*WORK ITEM:*
Every line in the data below from the one containing "Este adorável travesseiro" down to the one containing "Ремонт идет на", both included, must be retyped exactly; no other line is to appear.

*RECORDS TO USE:*

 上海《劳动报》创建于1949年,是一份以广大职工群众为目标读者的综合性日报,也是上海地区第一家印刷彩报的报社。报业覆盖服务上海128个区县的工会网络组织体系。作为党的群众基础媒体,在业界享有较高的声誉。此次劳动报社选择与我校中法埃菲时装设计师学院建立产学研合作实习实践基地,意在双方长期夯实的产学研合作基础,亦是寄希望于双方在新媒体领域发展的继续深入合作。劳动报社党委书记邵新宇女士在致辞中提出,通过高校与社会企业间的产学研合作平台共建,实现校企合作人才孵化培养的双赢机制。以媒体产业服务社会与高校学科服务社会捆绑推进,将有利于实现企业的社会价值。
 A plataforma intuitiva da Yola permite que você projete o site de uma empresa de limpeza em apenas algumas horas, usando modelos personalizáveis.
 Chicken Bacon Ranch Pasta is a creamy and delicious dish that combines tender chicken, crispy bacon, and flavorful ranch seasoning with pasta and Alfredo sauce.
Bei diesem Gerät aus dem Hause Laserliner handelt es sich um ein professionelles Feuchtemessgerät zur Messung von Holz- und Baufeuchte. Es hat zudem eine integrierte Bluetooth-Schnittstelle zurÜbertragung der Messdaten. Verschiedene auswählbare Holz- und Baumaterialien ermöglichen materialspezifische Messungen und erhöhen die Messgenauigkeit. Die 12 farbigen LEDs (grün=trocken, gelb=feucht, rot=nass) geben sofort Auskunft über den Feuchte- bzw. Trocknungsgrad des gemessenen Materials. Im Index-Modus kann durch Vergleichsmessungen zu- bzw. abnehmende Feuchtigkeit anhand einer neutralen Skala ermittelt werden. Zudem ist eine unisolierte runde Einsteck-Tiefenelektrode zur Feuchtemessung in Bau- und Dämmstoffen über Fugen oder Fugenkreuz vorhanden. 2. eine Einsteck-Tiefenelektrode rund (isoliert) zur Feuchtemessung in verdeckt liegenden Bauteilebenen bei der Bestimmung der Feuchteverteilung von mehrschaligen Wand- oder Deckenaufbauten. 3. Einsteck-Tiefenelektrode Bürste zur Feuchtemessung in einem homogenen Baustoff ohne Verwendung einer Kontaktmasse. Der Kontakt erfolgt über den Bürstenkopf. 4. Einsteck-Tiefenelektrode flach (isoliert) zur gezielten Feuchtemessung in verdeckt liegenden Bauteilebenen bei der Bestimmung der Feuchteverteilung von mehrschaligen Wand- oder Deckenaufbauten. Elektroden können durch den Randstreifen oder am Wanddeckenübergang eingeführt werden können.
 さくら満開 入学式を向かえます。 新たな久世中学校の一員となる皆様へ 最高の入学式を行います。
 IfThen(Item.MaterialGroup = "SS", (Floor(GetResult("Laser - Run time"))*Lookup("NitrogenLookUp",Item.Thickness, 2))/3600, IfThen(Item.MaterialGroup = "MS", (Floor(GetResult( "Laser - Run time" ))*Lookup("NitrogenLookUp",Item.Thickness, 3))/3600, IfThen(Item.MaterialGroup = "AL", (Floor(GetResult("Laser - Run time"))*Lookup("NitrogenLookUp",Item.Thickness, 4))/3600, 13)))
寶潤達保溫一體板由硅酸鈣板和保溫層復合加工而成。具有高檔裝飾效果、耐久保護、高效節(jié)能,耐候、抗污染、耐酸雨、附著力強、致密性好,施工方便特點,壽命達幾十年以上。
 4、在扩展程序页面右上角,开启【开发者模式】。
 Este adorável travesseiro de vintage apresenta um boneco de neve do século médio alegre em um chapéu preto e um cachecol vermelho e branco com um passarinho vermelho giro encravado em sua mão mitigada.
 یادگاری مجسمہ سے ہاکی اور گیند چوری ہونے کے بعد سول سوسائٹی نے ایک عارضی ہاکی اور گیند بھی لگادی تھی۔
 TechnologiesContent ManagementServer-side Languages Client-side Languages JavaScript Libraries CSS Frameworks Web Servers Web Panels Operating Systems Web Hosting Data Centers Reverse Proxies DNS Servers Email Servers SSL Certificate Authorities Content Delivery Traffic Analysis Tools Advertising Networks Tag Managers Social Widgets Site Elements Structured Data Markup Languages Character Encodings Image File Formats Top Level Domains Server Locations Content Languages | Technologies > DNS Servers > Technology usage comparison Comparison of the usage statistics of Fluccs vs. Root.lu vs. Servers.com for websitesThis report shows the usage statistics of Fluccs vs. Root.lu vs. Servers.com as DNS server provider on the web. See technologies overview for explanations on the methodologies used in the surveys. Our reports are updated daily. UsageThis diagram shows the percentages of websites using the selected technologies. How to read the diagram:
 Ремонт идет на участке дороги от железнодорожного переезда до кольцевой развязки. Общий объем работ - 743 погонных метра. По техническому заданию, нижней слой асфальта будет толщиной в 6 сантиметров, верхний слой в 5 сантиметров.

--

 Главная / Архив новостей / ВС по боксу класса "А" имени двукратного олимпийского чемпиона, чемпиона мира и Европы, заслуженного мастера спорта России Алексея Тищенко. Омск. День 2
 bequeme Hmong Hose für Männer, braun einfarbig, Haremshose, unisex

---

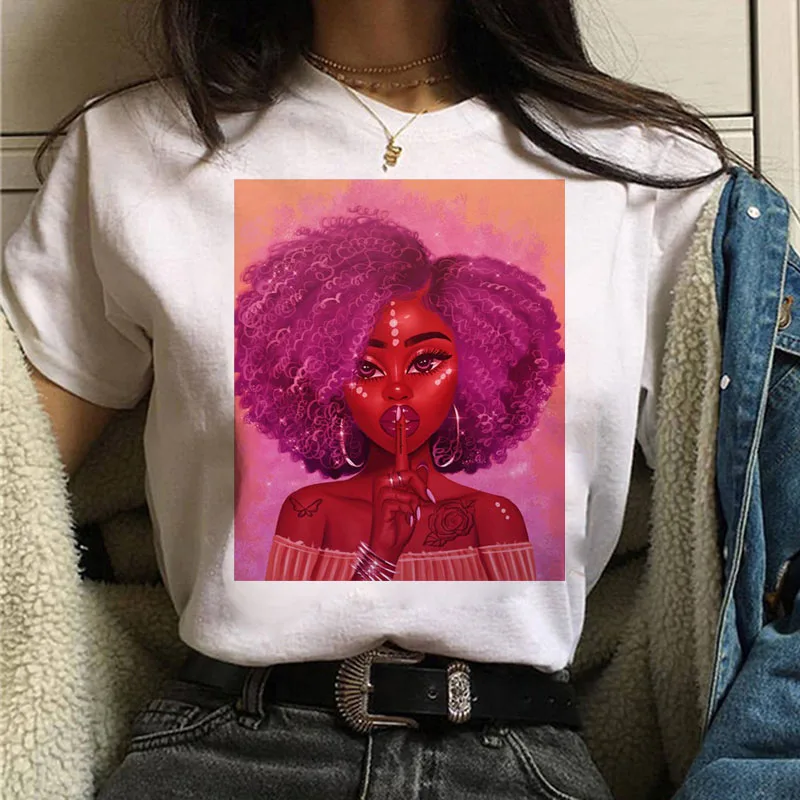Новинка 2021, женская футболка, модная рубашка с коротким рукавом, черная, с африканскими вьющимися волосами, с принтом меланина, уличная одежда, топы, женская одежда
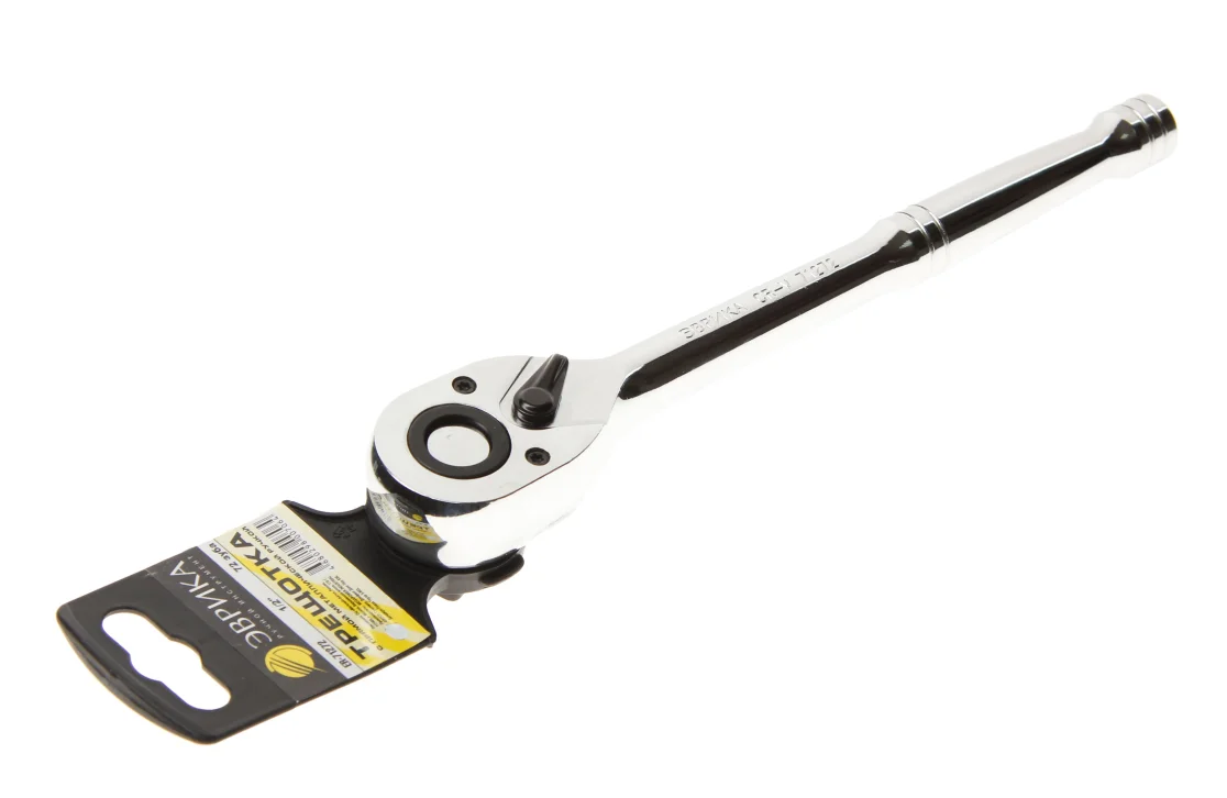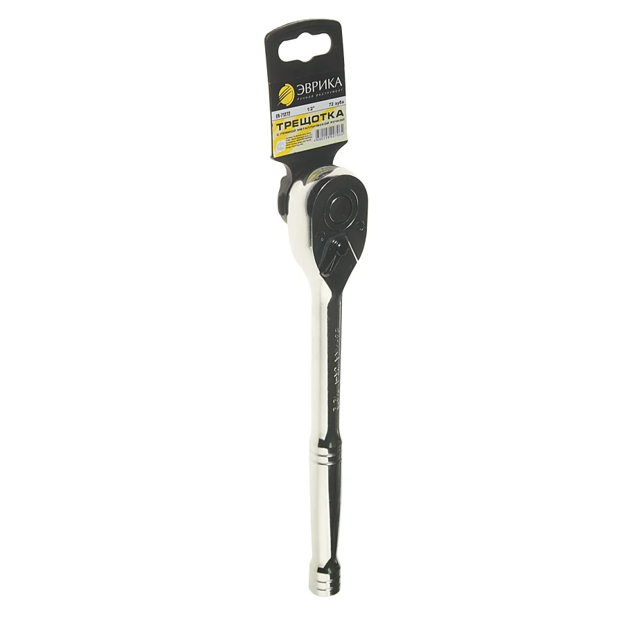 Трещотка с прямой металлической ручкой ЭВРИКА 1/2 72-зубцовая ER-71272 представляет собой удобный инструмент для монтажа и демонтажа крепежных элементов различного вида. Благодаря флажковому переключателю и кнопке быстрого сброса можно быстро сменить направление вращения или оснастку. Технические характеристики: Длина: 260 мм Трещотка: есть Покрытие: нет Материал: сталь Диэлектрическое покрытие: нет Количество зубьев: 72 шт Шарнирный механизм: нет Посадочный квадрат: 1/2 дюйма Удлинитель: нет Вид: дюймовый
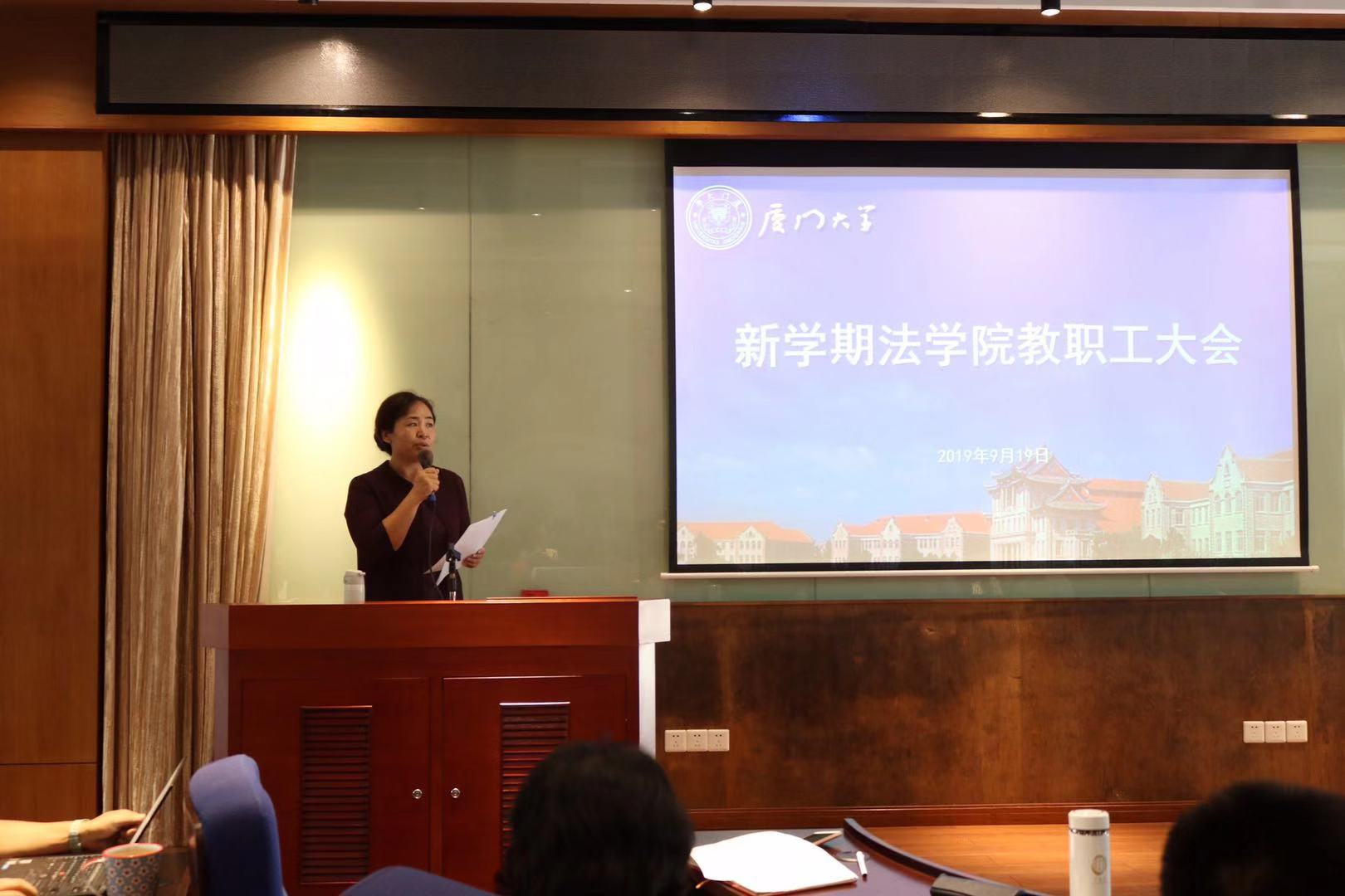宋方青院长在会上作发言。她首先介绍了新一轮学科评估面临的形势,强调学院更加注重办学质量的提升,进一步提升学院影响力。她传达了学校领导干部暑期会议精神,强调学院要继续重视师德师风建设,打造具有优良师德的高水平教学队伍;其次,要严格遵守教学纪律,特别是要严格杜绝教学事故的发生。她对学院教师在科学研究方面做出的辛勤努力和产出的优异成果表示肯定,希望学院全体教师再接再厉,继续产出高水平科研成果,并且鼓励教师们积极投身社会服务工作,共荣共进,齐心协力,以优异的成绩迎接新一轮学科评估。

*ANSWER TO THIS TASK:*
 Este adorável travesseiro de vintage apresenta um boneco de neve do século médio alegre em um chapéu preto e um cachecol vermelho e branco com um passarinho vermelho giro encravado em sua mão mitigada.
 یادگاری مجسمہ سے ہاکی اور گیند چوری ہونے کے بعد سول سوسائٹی نے ایک عارضی ہاکی اور گیند بھی لگادی تھی۔
 TechnologiesContent ManagementServer-side Languages Client-side Languages JavaScript Libraries CSS Frameworks Web Servers Web Panels Operating Systems Web Hosting Data Centers Reverse Proxies DNS Servers Email Servers SSL Certificate Authorities Content Delivery Traffic Analysis Tools Advertising Networks Tag Managers Social Widgets Site Elements Structured Data Markup Languages Character Encodings Image File Formats Top Level Domains Server Locations Content Languages | Technologies > DNS Servers > Technology usage comparison Comparison of the usage statistics of Fluccs vs. Root.lu vs. Servers.com for websitesThis report shows the usage statistics of Fluccs vs. Root.lu vs. Servers.com as DNS server provider on the web. See technologies overview for explanations on the methodologies used in the surveys. Our reports are updated daily. UsageThis diagram shows the percentages of websites using the selected technologies. How to read the diagram:
 Ремонт идет на участке дороги от железнодорожного переезда до кольцевой развязки. Общий объем работ - 743 погонных метра. По техническому заданию, нижней слой асфальта будет толщиной в 6 сантиметров, верхний слой в 5 сантиметров.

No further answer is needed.